● **Task directions**
Search the listing below for the line containing "毫无疑问,海外米兰等于夺冠大". From there through the line containing "Grunge Punk Anillo", transcribe every line exactly, both ends included.

● **Dataset excerpts**
────────────────────────────────────────

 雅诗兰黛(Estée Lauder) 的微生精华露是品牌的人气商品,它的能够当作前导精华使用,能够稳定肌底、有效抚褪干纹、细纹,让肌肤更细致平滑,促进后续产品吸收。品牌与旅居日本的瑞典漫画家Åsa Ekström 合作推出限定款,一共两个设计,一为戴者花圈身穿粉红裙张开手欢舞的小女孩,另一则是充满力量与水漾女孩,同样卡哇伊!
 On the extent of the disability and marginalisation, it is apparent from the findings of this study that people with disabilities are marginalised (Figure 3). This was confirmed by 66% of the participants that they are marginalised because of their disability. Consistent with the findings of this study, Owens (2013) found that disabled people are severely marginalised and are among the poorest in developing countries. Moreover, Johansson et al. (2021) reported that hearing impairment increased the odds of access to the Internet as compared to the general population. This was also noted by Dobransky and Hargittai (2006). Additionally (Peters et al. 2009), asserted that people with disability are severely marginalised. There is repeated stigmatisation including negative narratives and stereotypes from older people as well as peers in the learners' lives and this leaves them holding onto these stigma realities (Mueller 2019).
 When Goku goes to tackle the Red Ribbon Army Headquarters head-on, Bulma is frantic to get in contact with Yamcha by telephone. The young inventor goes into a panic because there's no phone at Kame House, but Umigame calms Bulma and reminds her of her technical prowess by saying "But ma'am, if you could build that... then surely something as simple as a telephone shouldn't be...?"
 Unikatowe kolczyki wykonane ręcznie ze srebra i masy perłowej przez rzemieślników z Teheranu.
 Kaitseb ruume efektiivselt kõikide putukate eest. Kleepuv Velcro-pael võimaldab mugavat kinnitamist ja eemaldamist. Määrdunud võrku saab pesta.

────────────────────────────────────────

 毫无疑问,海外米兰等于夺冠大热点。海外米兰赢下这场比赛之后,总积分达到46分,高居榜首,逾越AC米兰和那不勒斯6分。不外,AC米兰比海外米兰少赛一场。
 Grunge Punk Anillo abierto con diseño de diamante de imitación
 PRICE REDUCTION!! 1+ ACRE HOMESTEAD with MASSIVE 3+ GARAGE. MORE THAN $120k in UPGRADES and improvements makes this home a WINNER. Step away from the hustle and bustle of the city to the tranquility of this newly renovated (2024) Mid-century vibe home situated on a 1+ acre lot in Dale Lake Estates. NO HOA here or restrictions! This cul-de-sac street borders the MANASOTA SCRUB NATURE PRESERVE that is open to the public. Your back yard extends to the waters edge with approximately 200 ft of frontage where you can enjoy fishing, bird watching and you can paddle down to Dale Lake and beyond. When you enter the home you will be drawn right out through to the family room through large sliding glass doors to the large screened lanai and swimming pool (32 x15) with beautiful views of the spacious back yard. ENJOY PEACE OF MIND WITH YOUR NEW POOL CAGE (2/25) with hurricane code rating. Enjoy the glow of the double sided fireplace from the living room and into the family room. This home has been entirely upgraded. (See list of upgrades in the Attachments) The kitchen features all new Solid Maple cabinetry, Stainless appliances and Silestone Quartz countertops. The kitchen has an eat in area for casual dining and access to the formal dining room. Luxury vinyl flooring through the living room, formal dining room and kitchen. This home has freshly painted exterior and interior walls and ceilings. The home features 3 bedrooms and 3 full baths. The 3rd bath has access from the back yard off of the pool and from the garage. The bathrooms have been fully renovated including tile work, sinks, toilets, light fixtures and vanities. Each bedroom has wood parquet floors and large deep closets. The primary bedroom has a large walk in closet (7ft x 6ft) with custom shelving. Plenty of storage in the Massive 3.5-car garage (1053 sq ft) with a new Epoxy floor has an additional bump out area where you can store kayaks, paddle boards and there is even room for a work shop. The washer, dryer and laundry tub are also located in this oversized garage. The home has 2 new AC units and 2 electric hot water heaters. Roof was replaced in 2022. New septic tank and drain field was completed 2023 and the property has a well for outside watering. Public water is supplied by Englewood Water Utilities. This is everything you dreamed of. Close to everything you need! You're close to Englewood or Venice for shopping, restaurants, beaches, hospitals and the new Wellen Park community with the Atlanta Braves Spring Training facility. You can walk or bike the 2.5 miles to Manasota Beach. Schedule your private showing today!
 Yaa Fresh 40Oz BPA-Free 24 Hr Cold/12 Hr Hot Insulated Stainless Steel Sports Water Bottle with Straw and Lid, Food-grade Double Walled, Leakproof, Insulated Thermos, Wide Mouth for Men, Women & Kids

────────────────────────────────────────

● **Written response**
 毫无疑问,海外米兰等于夺冠大热点。海外米兰赢下这场比赛之后,总积分达到46分,高居榜首,逾越AC米兰和那不勒斯6分。不外,AC米兰比海外米兰少赛一场。
 Grunge Punk Anillo abierto con diseño de diamante de imitación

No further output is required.